# ICI Lifemaster eggshell; Glidden Ultra eggshell



## JoseyWales (Jan 8, 2011)

These two paints go on beautifully and look fantastic after it's dry.

Glidden glides on like no other paint I have ever used.It's an old classic formula that hasn't changed for years and years.It's spread rate is maybe 25-30% further per gallon than most acrylic wall paints.The drawback is that it is a contractor grade hi-hide paint that is not durable.

ICI Lifemaster eggshell is durable but I've had problems with it not covering in 2 coats.It would be my go-to wall paint if it always covered in two coats.

I'm going to try a base coat of the Glidden Ultra eggshell and a finish coat of the Lifemaster eggshell on my next job.I hate to use two different paints but maybe this system will work.Like I said,the Glidden Ultra eggshell rolls much faster than most paints so the production should increase.

Lifemaster is also a low VOC coating.

Thoughts?

BTW, I've been using Ben eggshell recently for walls with excellent results.It's a bit on the pricey side however and rolling is not as fast as I'd like it to be.[I haven't tried to add any floetrol or water to it yet.]

My bad...It's now called Dulux Lifemaster.


----------



## Wood511 (Dec 13, 2010)

I tried some Ben on a recent job and the stuff was rock solid. I was going over a pink/white sponged room with a medium brown. Two coats covered beautifully, less than 50VOC and almost no smell at all. Easy to work with and about $30 a gal. I've also used Ben as ceiling paint with good success.


----------



## jack pauhl (Nov 10, 2008)

Lifemaster gets 425-475 sq ft per gal. The only other Glidden product I know of which was similar is speed and coverage per gal was the Evermore Superwashable product but its no longer available. Strange how great product simply vanishes. That paint was like wall armor. 

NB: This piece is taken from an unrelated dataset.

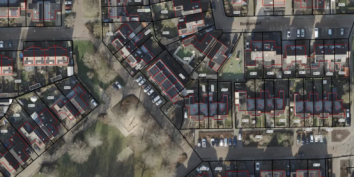 Het perceel waarop Engberserf 4 staat heeft een oppervlakte van 604 m². Dit is een groot perceel. De perceeloppervlakte wordt geregistreerd door het Kadaster. Gedetailleerde informatie over de maten van dit perceel kunt u vinden in het rapport Kadastrale kaart met maatvoering van Engberserf 4.
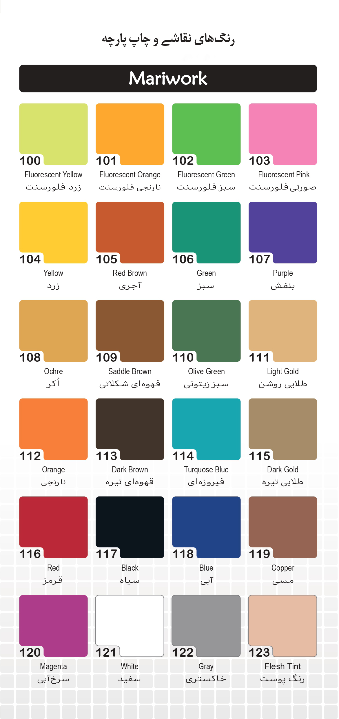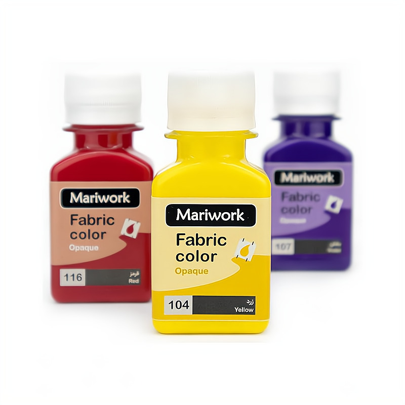 رنگ پارچه نیمه اوپک ماری ورک یک محصول شناخته‌شده و اقتصادی تولید ایران است که به طور ویژه برای استفاده روی پارچه‌های تیره و رنگی طراحی شده است. ویژگی اصلی آن، قدرت پوشانندگی بالای آن است که باعث می‌شود رنگ به خوبی روی زمینه تیره بنشیند و جلوه‌ای واضح و زنده داشته باشد. این رنگ‌ها پس از خشک شدن، برای ماندگاری و قابل شستشو شدن، به تثبیت با حرارت (معمولاً از طریق اتو کردن) نیاز دارند. به همین دلیل، گزینه‌ای محبوب برای هنرجویان و شخصی‌سازی لباس با هزینه‌ای مناسب به شمار می‌رود.

Not sure what to recommend but the Ultra Hide has a new NO VOC in eg. Have you tried that? It is 350-400 per gal same as regular Ultra Hide 150 eg.

My personal fav from Glidden is 150 semi-matte. Its a lo sheen eg. Never considered it to be slow to spread but I know what you mean about those paints that spread fast and solid. 

I have no problem reducing their flats but typically do not reduce eggshell. 

Curious what roller cover you use for Lifemaster eg? NOUR aqua glides will move 150 semi-matte fast but you'll have a slight different finish vs something tight white and woven like a pro doo z.


----------



## Capt-sheetrock (Feb 10, 2008)

JoseyWales said:


> Lifemaster is also a low VOC coating.
> 
> .]


 Lifemaster is no voc


----------



## JoseyWales (Jan 8, 2011)

Capt-sheetrock said:


> Lifemaster is no voc


 
Actually once the tint is put in the paint it is no longer zero VOC...hence low VOC.


----------



## CPFSam (Nov 8, 2010)

I've always liked Glidden products. Used to use Ultra hide on new semi tract semi customs. Touched up great. Bright white on ceilings. Just used Ultra Eg interior. darker color in mid base covered awesome.


----------



## JoseyWales (Jan 8, 2011)

jack pauhl said:


> Lifemaster gets 425-475 sq ft per gal. The only other Glidden product I know of which was similar is speed and coverage per gal was the Evermore Superwashable product but its no longer available. Strange how great product simply vanishes. That paint was like wall armor.
> 
> Not sure what to recommend but the Ultra Hide has a new NO VOC in eg. Have you tried that? It is 350-400 per gal same as regular Ultra Hide 150 eg.
> 
> ...


 
Never tried the Ultra hide nor the Glidden 150.It's not available in my area.

I used the Noir for the Lifemaster...I just bought a couple of cases of a micro-fibre roller sleeve that I bought at ICI.They hold a lot of paint and leave a nice finish and last forever.That said they drag a bit,but that could be because the Ben paint is pretty thick.

No Glidden or ICI product is zero VOC because their tints are loaded with VOC's.

You think adding water or floetrol effects the sheen of an eggshell?..I've never put water in the Lifemaster but their eggshell is the nicest looking finish I have ever seen in a wall paint.{Truth}


----------



## Capt-sheetrock (Feb 10, 2008)

JoseyWales said:


> No Glidden or ICI product is zero VOC because their tints are loaded with VOC's.
> 
> You think adding water or floetrol effects the sheen of an eggshell?..I've never put water in the Lifemaster but their eggshell is the nicest looking finish I have ever seen in a wall paint.{Truth}


 I agree with you on the paint "previously known as no voc" eggshell, as we had ours tinted also


----------